Let’s take a look at what happened in the busybox shell. SSH to your Synology as root with the admin password. Take a look at the permissions on the mount path (e.g. /volume1/rnelson0) and the contents of /etc/exports.

NFS Exports fig 2

(there is no carriage return at the end of the file, the ‘ds214>’ is part of the prompt not the exports contents)

A working mode for the directory is ‘0777’ and there’s a long string of nfs options. They are described in detail in the exports(5) man page. Here’s a high-level summary of each:

  • rw: Enable writes to the export (default is read-only).
  • async: Allow the NFS server process to accept additional writes before the current writes are written to disk.

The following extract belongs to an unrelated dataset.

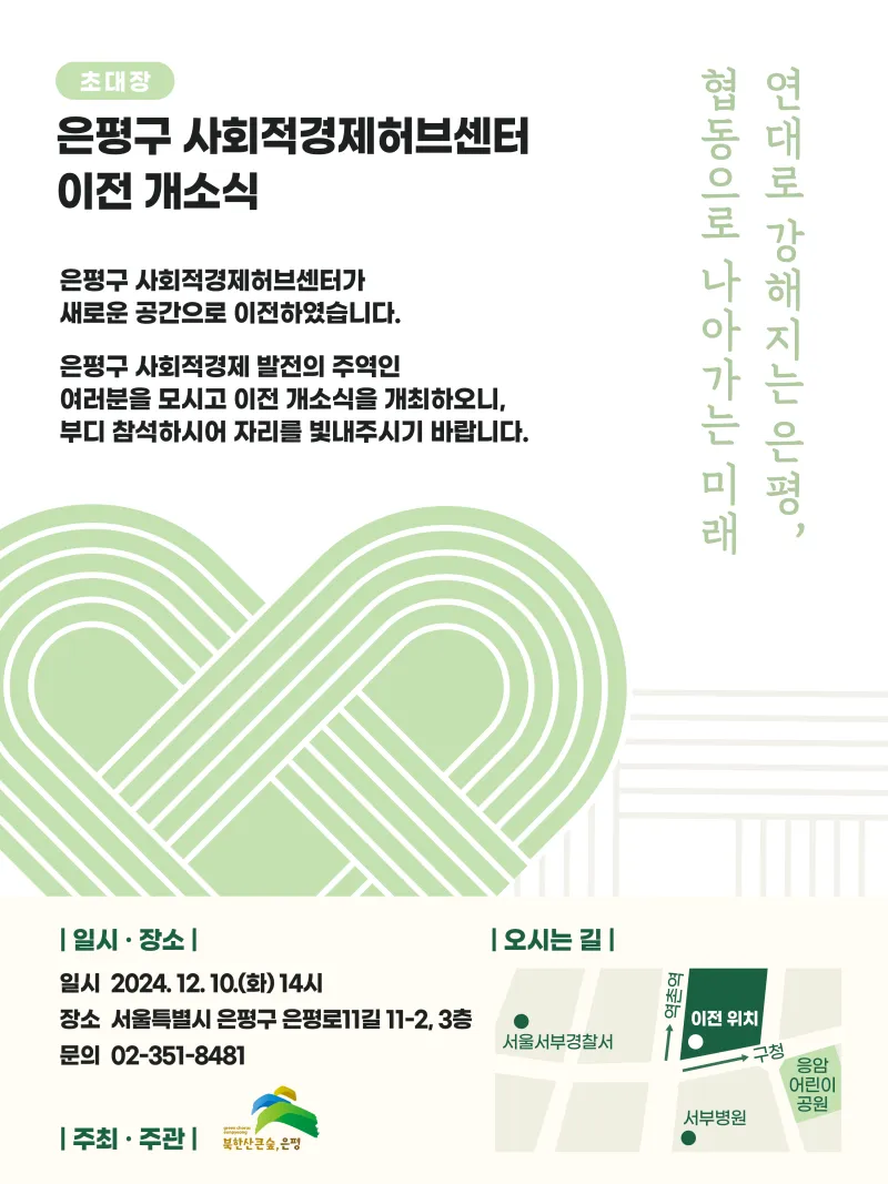 은평구 사회적경제허브센터 이전 개소식에 초대합니다.

This is very much a preference and has potential for lost data.
  • no_wdelay: Do not delay writes if the server suspects (how? I don’t know) that another write is coming. This is a default with async so actually has no specific benefit here unless you remove async. This can have performance impacts, check whether wdelay is more appropriate.
  • no_root_squash: Do not map requests from uid/gid 0 (typically root) to the anonymous uid/gid.
  • insecure_locks: Do not require authentication of locking requests.
  • sec=sys: There are a number of modes, sys means no cryptographic security is used.
  • anonuid/anongid: The uid/gid for the anonymous user. On my Synology these are 1025/100 and match the guest account. Most Linux distros use 99/99 for the nobody account. vSphere will be writing as root so this likely has no actual effect.

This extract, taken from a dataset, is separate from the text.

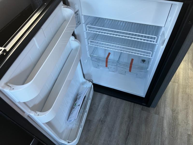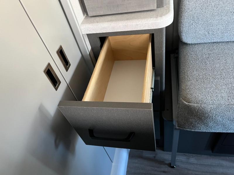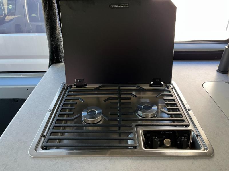 This coach is the perfect home on wheels for all your adventures. You will have everything you need, including a wet bath with a cassette toilet and pocket doors to save space. Once you have prepared breakfast on the two-burner gas cooktop, you can dine on the sofa with a removable table. This area can then be your sleeping space at night since the sofa converts into a 72" x 47" pull-out bed. Whether you're enjoying the fresh air let in by the large opening side windows, or you're sipping on a cold drink under the electric awning, you will love everything about this coach!

I changed the netmask and anon(u|g)id values, as it’s most likely that a linux box with a nobody user would be the only non-vSphere client. Those should be the only values you need to change; async and no_wdelay are up to your preference.

If you use Puppet, you can automate the setup of your NFS server and exports. I use the echocat/nfs module from the forge (don’t forget the dependencies!). With the assumption that you already have a /nfs mount of sufficient size in place, the following manifest will create a share with the correct permissions and export flags for use with vSphere:

node server {
  include ::nfs::server

  file{ '/nfs/vsphere':
    ensure => directory,
    mode   => '0777',
  }
  ::nfs::server::export{ '/nfs/vsphere':
    ensure  => 'mounted',
    nfstag  => 'vsphere',
    clients => '10.0.0.0/24(rw,async,no_wdelay,no_root_squash,insecure_locks,sec=sys,anonuid=99,anongid=99)',
  }
}

To add your new datastore to vSphere, launch the vSphere Web Client. Go to the Datastores page, select the Datacenter you want to add the export to, and click on the Related Objects tab. Select Datastores and the first icon is to add a new datastore. Select NFS and the NFS version (new to vSphere 6), give your datastore a name, and provide the name of the export (/nfs/vsphere) and the hostname/IP of the server (nfs.example.com). Continue through the wizard, checking each host that will need the new datastore.

NFS Exports fig 3

Click Finish and you have a datastore that uses NFS! You may need to tweak the export flags for your environment, but this should be a good starting point. If you are aware of a better set of export flags, please let me know in the comments. Thanks!